With Leyte secured, the destroyer escort immediately became involved in the Lingayen Gulf operation. While on antisubmarine patrol near the western entrance to Lingayen Gulf on 10 January 1945, LeRay Wilson underwent Japanese kamikaze attacks. Spotting an enemy two-engine bomber dead ahead about 25 ft off the water, the ship's gunners maintained continuous gunfire, diverting the aircraft enough to save the ship. As the plane splashed, its starboard wing crashed the ship's port side, killing six gunners, seriously wounding seven more, and causing extensive damage. LeRay Wilson continued patrolling until relieved later the same day, then steamed for Manus. In his battle report Lt. Comdr. M. V. Carson, commanding officer, wrote of the crew: "I say that those men made naval tradition. May their gallant acts live always in the memory of a grateful nation....They were my shipmates and I am proud of them".
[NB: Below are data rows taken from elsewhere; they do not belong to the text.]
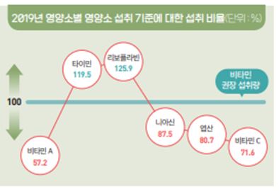 2019년 조사에 의하면 우리나라 사람들은 비타민A, 엽산, 나이아신, 비타민C를 권장 섭취량보다 비교적 적게 섭취하고 있다고 합니다. 우리가 흔하게 생각하는 비타민 들인데 생각보다 섭취량이 많지 않은 것에 놀랍습니다.
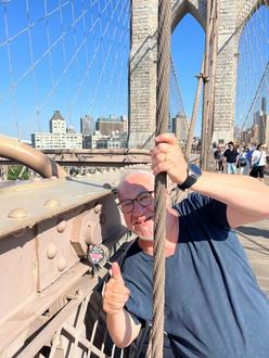 Auch am 24.05.2024 habe ich uns als 60-Jährige und die Stadt der Säubrenner in New York auf der Brooklyn Bridge verewigt.
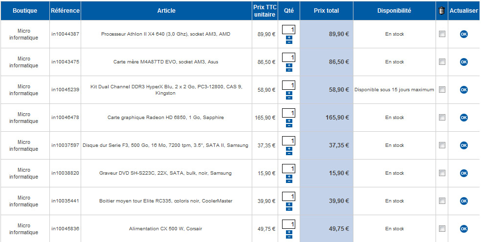 par contre si tu cherche les meilleur prix c'est cdiscount le meilleur certain te le deconseillerons bien que moi j'ai passer des dizaine de commande parfois à plus de 200€ sans soucis. sauf parfois un délais de livraisons assez long mais au moins c'est moi cher.

During February and March 1945, the ship repaired its port side and prepared for the largest operations of the Pacific war, the capture and occupation of Okinawa. During April, she escorted two convoys of supply ships from Saipan to Okinawa. On 1 May LeRay Wilson began antisubmarine and antiaircraft screening duties off Okinawa. On 26 May she detected and made runs on a midget submarine. Two days later, quick action from the destroyer escort splashed an enemy kamikaze before it could crash into a sister ship. She departed Okinawa on 16 June and arrived Ulithi on 26 June.

For the remainder of the war, LeRay Wilson supported the strikes on the Japanese homeland, escorting oilers and other logistics ships to rendezvous with Admiral William Halsey's 3rd Fleet in the East China Sea. After the Surrender of Japan, she steamed to Tokyo Bay for occupation duty.

The ship departed Tokyo Bay 12 October for Okinawa en route to duty along the coast of China, remaining there until she sailed 26 December for San Francisco, California, arriving 16 January 1946 and joining the Pacific Reserve Fleet. LeRay Wilson decommissioned on 15 January 1947.

===Korean War and fate===

With the advent of the Korean War and the need for more fighting ships, LeRay Wilson recommissioned on 28 March 1951. After 21/2 years of training and patrol duty between the U.S. West Coast and Pearl Harbor, the ship departed Pearl Harbor on 27 August 1954 for the first of four WestPac cruises. LeRay Wilson continued these missions to the Far East until she decommissioned at San Diego on 30 January 1959 and reentered the Pacific Reserve Fleet. On 15 May 1972 she was struck from the Navy list, and, on 14 September 1973, she was sold for scrap and broken up.

==Awards==

LeRay Wilson received four battle stars for World War II service.